Jul 02, 2007 00:21
I'm back in CA and finally fixed my laptop which has been dead since i went back to NY. I was really freaked out because i hadn't had a chance to back up some recent files (i.e. maroon 5, john mayer) since my portable hard drives/ desktop was in NY. Anyways I think its about time i um burned those files to carrie. I hate alienware and i refuse to buy any of their products in the future.
Its been a really rough in NY with all the drama that kept occurring and i'm really not one for drama esp if it really just involves me. I've been feeling really shitty lately b/c physically i've been really unwell and emotionally i'm also in the rut. a A part of me thinks I should take paxil again but the idea of being reliant on something frightens me which is prob why I don't have a boy and I have a safe distance with friends. which makes me feel sad and lonely which kinds of makes me go back to the idea of paxil.
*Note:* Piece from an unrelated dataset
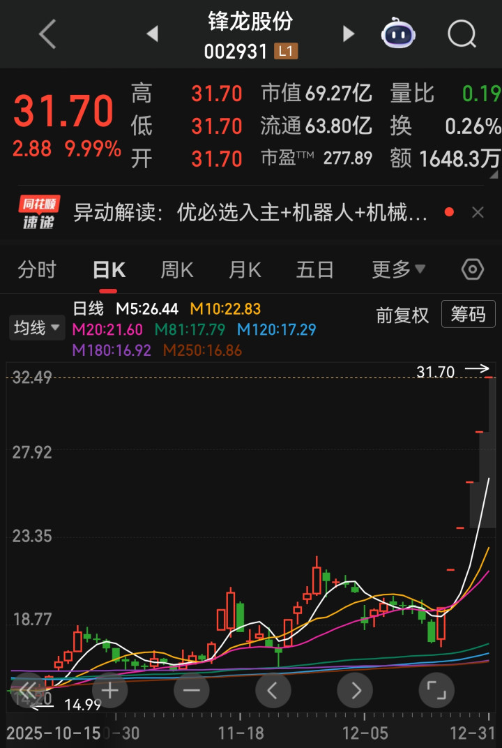 再看锋龙股份,这是年末最炸的一匹黑马,优必选16.65亿元入主拿下43%股权后,直接走出6天6板的逆天行情,12月31日继续涨停收于31.70元,短短几天累计涨幅超60%。人气方面绝对是顶流,复牌后连续无量涨停,市场都在押注这场“AI龙头+传统制造”的联姻,虽然公司澄清一年内不重组、三年不借壳,但资金根本停不下来,市盈率已经冲到277倍,远超行业平均水平。

I'm going to HK in a few days which also freaks me out b/c i'm going to feel like an obese whale again. I know i'm not that fat since you can see rib bumps on my stomach but at the same time if i'm not skinny i'm just fat over there and its hard to notice my proportionally smaller waist when all you can see are my boobs.
I don't know. Lately i've been feeling like i'm waiting for something but i'm not sure what. I'm just tired now and i'm emotions are once again down in the drain like it was during christmas. i think i should work out harder so i can get even more endorphins.